Now, the entire world is getting its first look at the capabilities of Webb through a series of stunning images released by NASA on July 12. As the largest and most complex space observatory ever built, Webb’s unprecedented sensitivity to infrared light will allow scientists to explore the early universe, the evolution of galaxies through time, the lifecycle of stars and other worlds outside our solar system.
In this Q&A, Acton discusses his time as a student at ACU, what it was like to work on a project with such far-reaching significance, and his favorite image captured by the telescope so far.
How did you become interested in physics?
One of my uncles, who has since passed away, was a Methodist minister. He was at my house in Riverton, Wyoming, and we were playing with a set of dominoes on the kitchen floor. We’d stack them up and knock them down. He asked me some interesting questions. He said, “What do you think would happen if we pushed these dominoes closer together? Would they fall down faster or slower? What would happen if we spread them further apart?” We did these experiments to see what was the fastest. Then he said three words that changed my life. He said, “That’s physics, Scott.” And I remember thinking, there’s a job where you get to do this kind of stuff all day long and you get paid for it? I lived in a tiny town in Wyoming, and I couldn’t see any further than the street I lived on. I had no vision, and just the tiniest little spark was ignited. From then on, when people asked me what I was going to do when I grew up, I said I’m going to study physics.
How did you come to attend ACU and what was your experience here?

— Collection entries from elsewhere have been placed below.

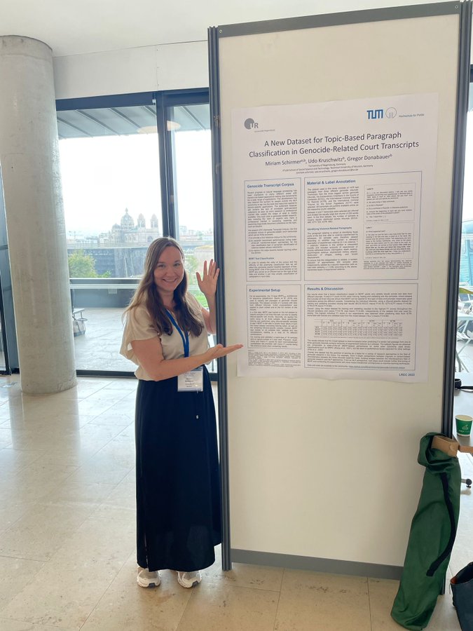 Miriam Schirmer veröffentlichte zusammen mit Gregor Donabauer und Udo Kruschwitz das Paper "A New Dataset for Topic-Based Paragraph Classification in Genocide-Related Court Transcripts (externer Link, öffnet neues Fenster)", welches für die LREC 2022 angenommen und zudem als Poster präsentiert wurde. Miriam Schirmer studierte im Master Kriminologie an der UR und besuchte eine Veranstaltung zum Natural Language Engineering, welche sie nachhaltig prägte. Gleichzeitig ist das Paper Teil ihrer Promotion im Bereich Computational Social Science an der TU München.
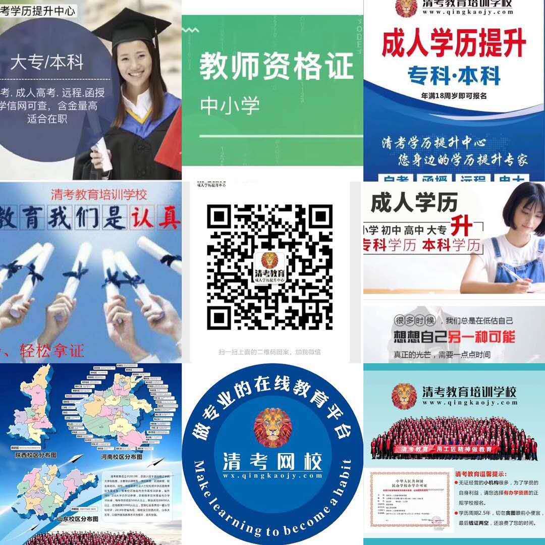 我们是清考教育集团。 河南省最大最安全的成人教育机构。与省内50+大学院校合作,有150+专业可供选择。 海量的专业教师能够专业地辅导你进行学历提升。 大专/本科——>函授、电大、远程 年满18周岁即可报名,无需到 ...
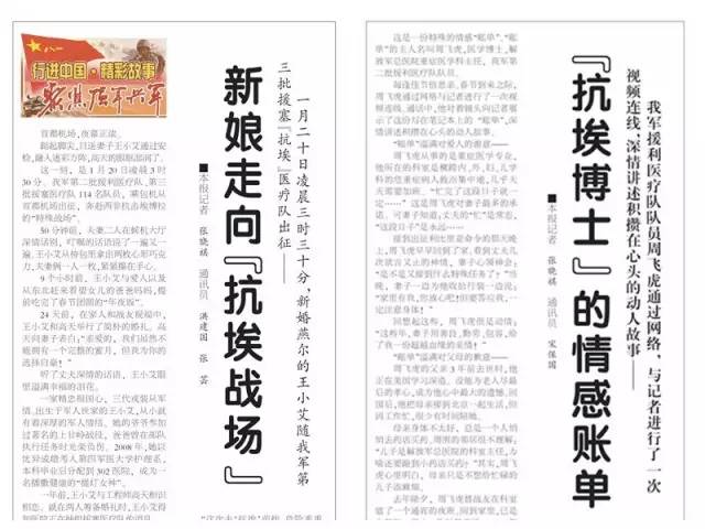 “中国军队援非抗击埃博拉系列报道”内容翔实、数据权威、体裁多样,既有发布宏观信息的消息,也有笔法生动细腻的特写,很多稿件文字精短,并且均是独家新闻。例如,《新娘走向“抗埃战场”》《三位“抗埃辣妈”的心语》《“抗埃博士”的情感账单》等稿件,通过大量鲜活感人的细节,从不同角度展现了中国军医精湛的医疗技术和过硬的战斗作风,展示了中国军队和平之师、文明之师的良好形象,产生了良好的国际传播效果。
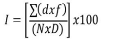 [1] Donde, d es la categoría de severidad en la fruta, y f es la frecuencia con que ocurre esa la categoría de severidad, N es el número total de frutas examinadas y D la categoría más alta de severidad que ocurrió en la escala.
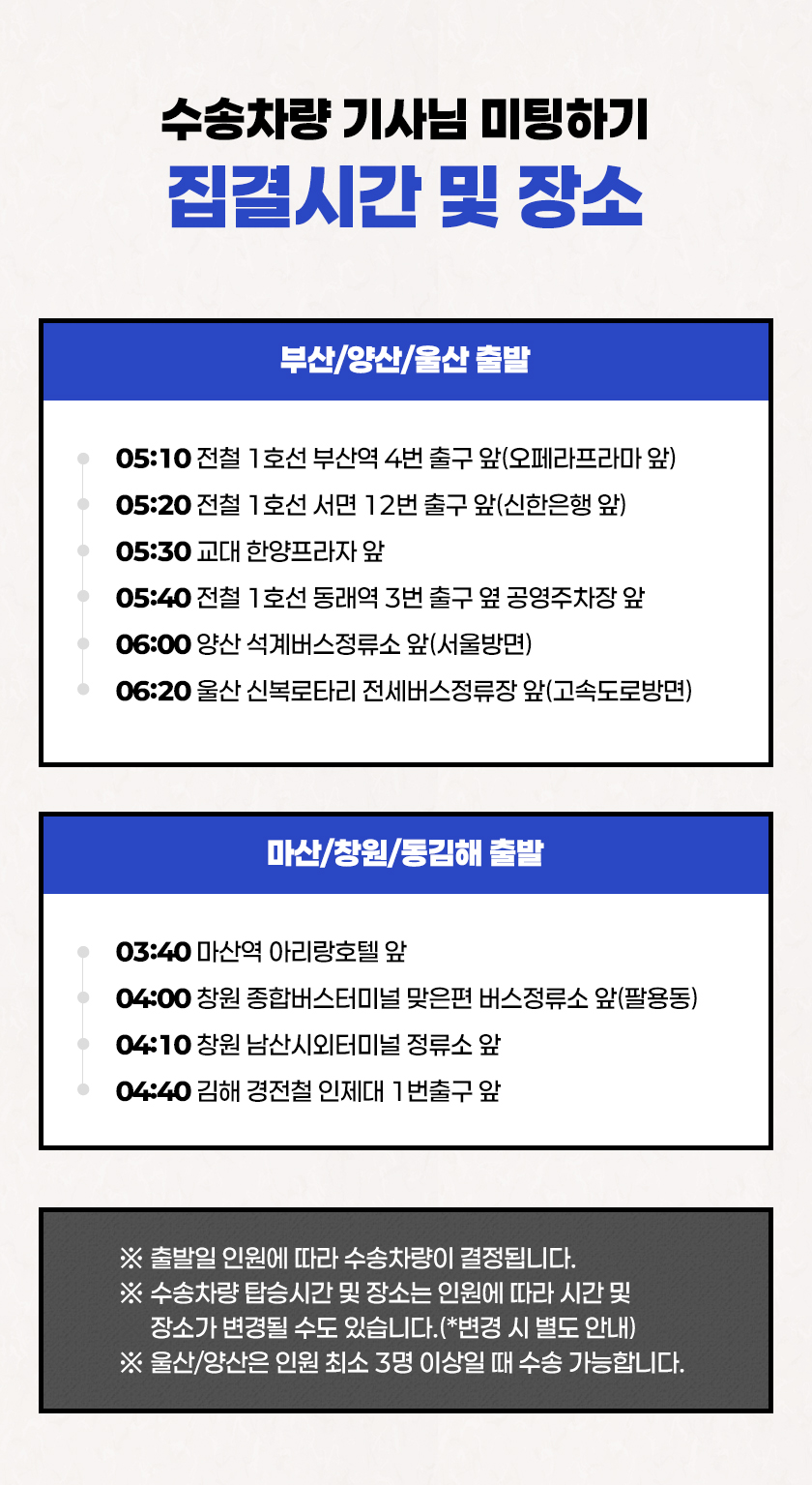 ㆍ⑦집결지에서 기사님 미팅 후 출발(*예약번호 or 성함,연락처)

I went to Central Wyoming College right out of high school and didn’t realize you couldn’t study physics there; you had to go to a university. Stanley Shipp (’46) [who earned his bachelor’s degree in chemistry from ACU and spent the rest of his life as a missionary] said, “Scott, I want you to go to Abilene Christian College.” I did a little checking around. It turned out ACC had become ACU, and they had a physics program. I was accepted within the week.
There I met [physics professors] Charles Ivey, Paul Morris, Mike Sadler – who has since passed away – and David Talent, who came later and was very important to me. These guys cared about me as a person. Even to this day, I’m still in touch. These guys believed in me. I wasn’t a very good student. You always talk about people graduating magna cum laude and summa cum l laude. I graduated “thank the laude.” I remember going through commencement ceremonies in 1984, sitting there and studying for a final exam in classical mechanics. If I didn’t pass that exam I wouldn’t get my degree. I went later and took that test and didn’t do very well, but Dr. Paul Schulze (’62) decided to pass me, and Mike Sadler gave me a recommendation for graduate school at Texas Tech University.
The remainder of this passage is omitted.